As is their custom, Oracle will be releasing their January 2014 quarterly patches on Patch Tuesday, the same day as Microsoft.

This group of updates affects 47 products. There are a total of 147 vulnerability fixes; some of the vulnerabilities affect multiple products, so the total number of vulnerabilities addressed is less than 147, but not specified. On Tuesday we will likely have that number when the actual CVE numbers are released.

47 of the fixes are for vulnerabilities which can be exploited remotely without authentication, a measure of extreme severity and an indicator that the fix should be applied as soon as possible, as Oracle advises.

36 of the fixes will be for Java 7 SE products, 34 of them exploitable remotely without authentication.

For each product family, Oracle provides the highest CVSS Base Score of vulnerabilities affecting the products being updated. CVSS is the Common Vulnerability Scoring System, maintained by the Department of Homeland Security National Cyber Security Division and NIST (the National Institite of Standards and Technology). Scores range from 0.1 to 10.0, with 10.0 being as bad as it gets. Oracle explains their use of CVSS scoring on this page.

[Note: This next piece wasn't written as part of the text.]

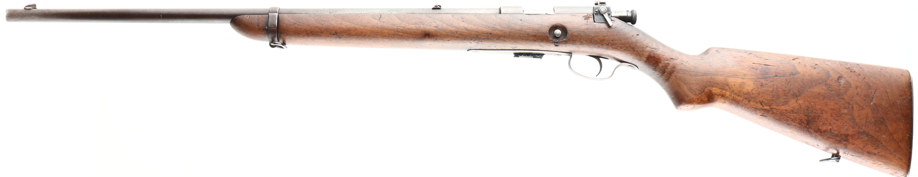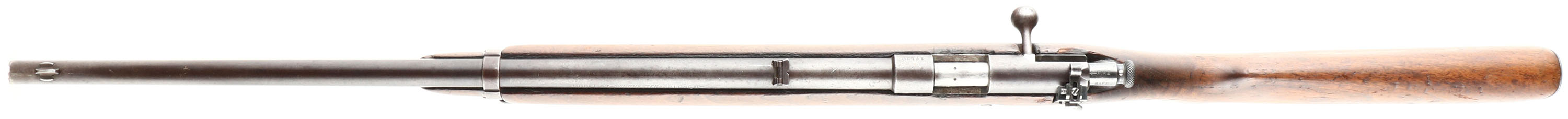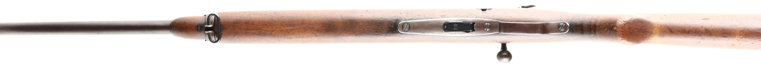 Winchester, Model 57 Target, .22 LONG R. Cal., MFG: 1927-36, SN: 17129, Bolt Action Rifle, Mag fed, 22'' barrel, with barrel band. The original flat pistol grip wood stock is very good & solid. but with numerous small handling marks, scratches, contusions & gouges to the thinned original finish. There is a small missing edge chip at the right side of forend tip The metal blue finish has worn, thinned & toned to about 40% coverage of a brown patina. Bore is very good & bright. Military style target rifle, with correct Lyman peep sight, factory sling swivels, & ''W'' stamped mag. Barrel fitted with a small blade front & folding leaf rear sights. Stock carries a checkered steel buttplate. A well used, but still original & collectible rifle. FFL or C&R Req. - Value: 300 to 600
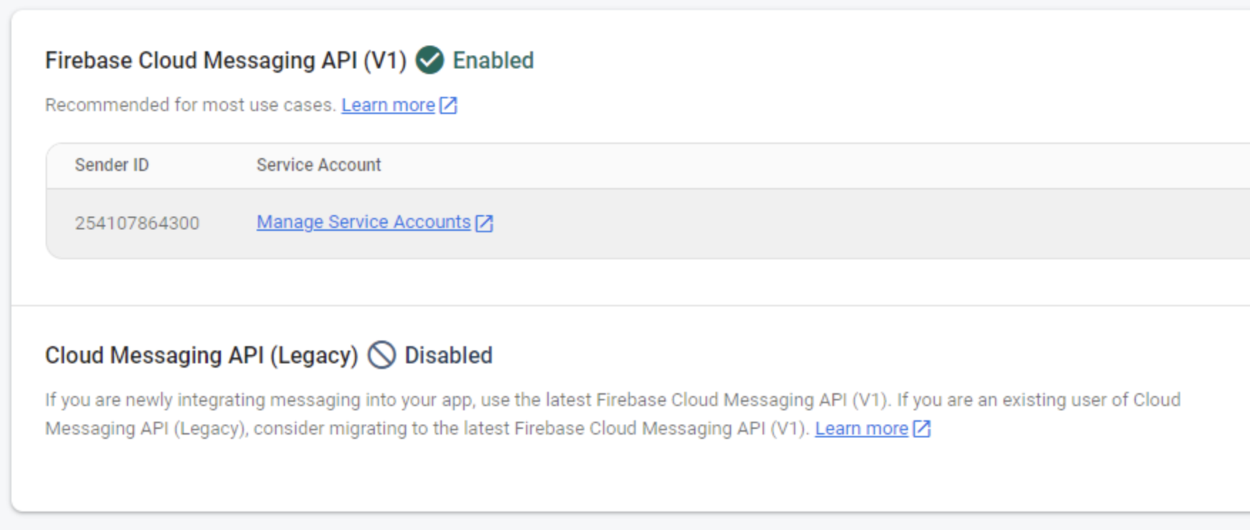 - 选择 ENABLE Cloud Messaging API (Legacy)(启用 Cloud Messaging API(旧版))。

This list below contains all the products, including versions, affected in Tuesday's updates. The table below that includes the number of vulnerabilities addressed for each product family, the number which are remotely exploitable without authentication, and the maximum CVSS score for vulnerabilities addressed in that family.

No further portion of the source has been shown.